** How to complete this task **
Begin at the line that has "Add a fun and", stop after the line that has "キッチンは、レンジフート側に", and print exactly those lines from the records below, without any pictures.

** Supplied material **
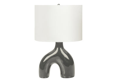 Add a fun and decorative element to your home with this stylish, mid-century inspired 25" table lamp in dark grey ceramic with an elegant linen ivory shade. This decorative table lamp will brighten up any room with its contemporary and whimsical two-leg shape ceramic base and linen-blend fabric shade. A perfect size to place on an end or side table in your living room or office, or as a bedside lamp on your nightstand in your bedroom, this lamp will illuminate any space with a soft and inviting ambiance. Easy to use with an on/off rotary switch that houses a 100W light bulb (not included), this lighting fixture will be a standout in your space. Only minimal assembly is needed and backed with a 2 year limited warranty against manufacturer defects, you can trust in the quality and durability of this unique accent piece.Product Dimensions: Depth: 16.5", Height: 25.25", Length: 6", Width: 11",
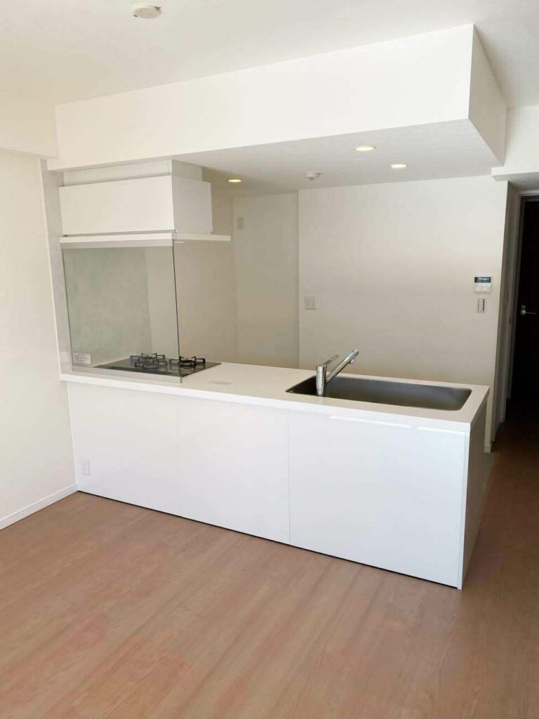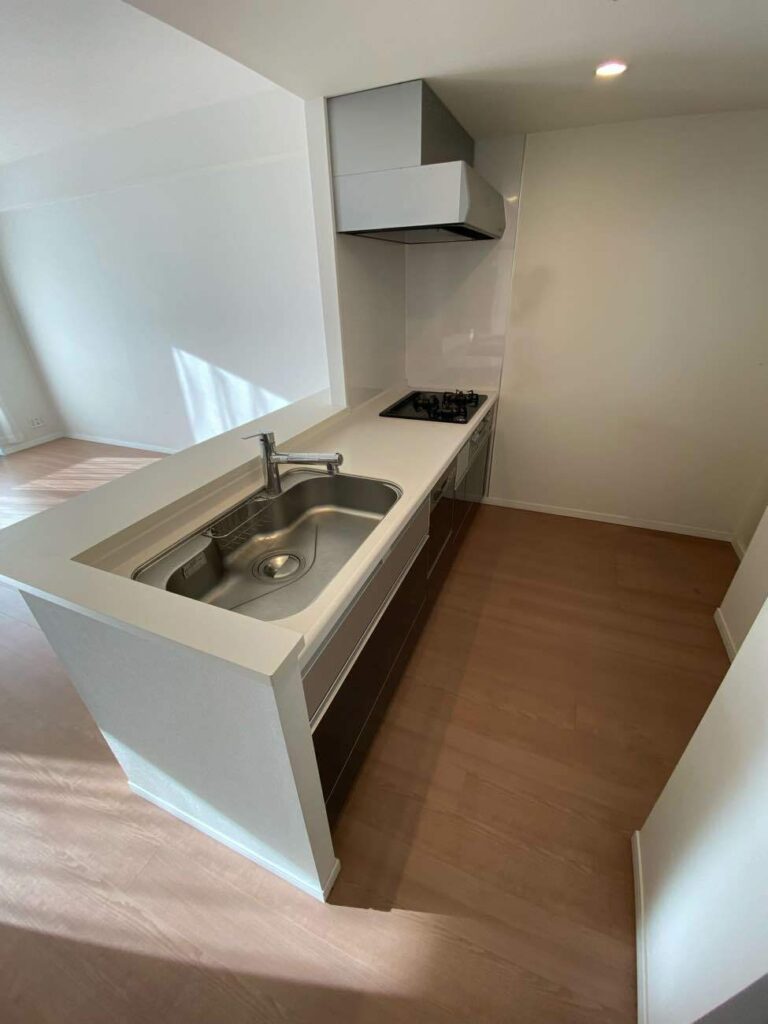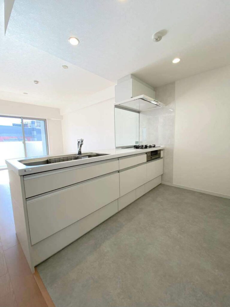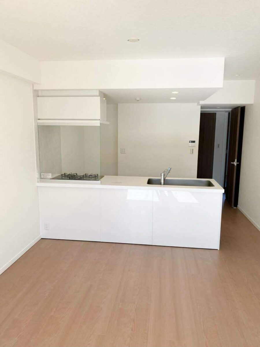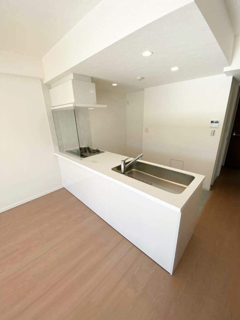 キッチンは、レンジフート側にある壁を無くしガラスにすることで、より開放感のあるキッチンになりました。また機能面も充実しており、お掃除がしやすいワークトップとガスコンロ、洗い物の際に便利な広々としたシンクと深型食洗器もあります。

---

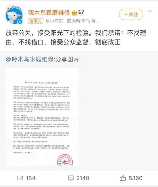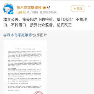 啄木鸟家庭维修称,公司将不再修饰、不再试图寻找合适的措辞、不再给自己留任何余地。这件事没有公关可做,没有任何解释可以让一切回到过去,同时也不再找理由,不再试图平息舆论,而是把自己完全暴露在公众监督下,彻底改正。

** Response **
 Add a fun and decorative element to your home with this stylish, mid-century inspired 25" table lamp in dark grey ceramic with an elegant linen ivory shade. This decorative table lamp will brighten up any room with its contemporary and whimsical two-leg shape ceramic base and linen-blend fabric shade. A perfect size to place on an end or side table in your living room or office, or as a bedside lamp on your nightstand in your bedroom, this lamp will illuminate any space with a soft and inviting ambiance. Easy to use with an on/off rotary switch that houses a 100W light bulb (not included), this lighting fixture will be a standout in your space. Only minimal assembly is needed and backed with a 2 year limited warranty against manufacturer defects, you can trust in the quality and durability of this unique accent piece.Product Dimensions: Depth: 16.5", Height: 25.25", Length: 6", Width: 11",
 キッチンは、レンジフート側にある壁を無くしガラスにすることで、より開放感のあるキッチンになりました。また機能面も充実しており、お掃除がしやすいワークトップとガスコンロ、洗い物の際に便利な広々としたシンクと深型食洗器もあります。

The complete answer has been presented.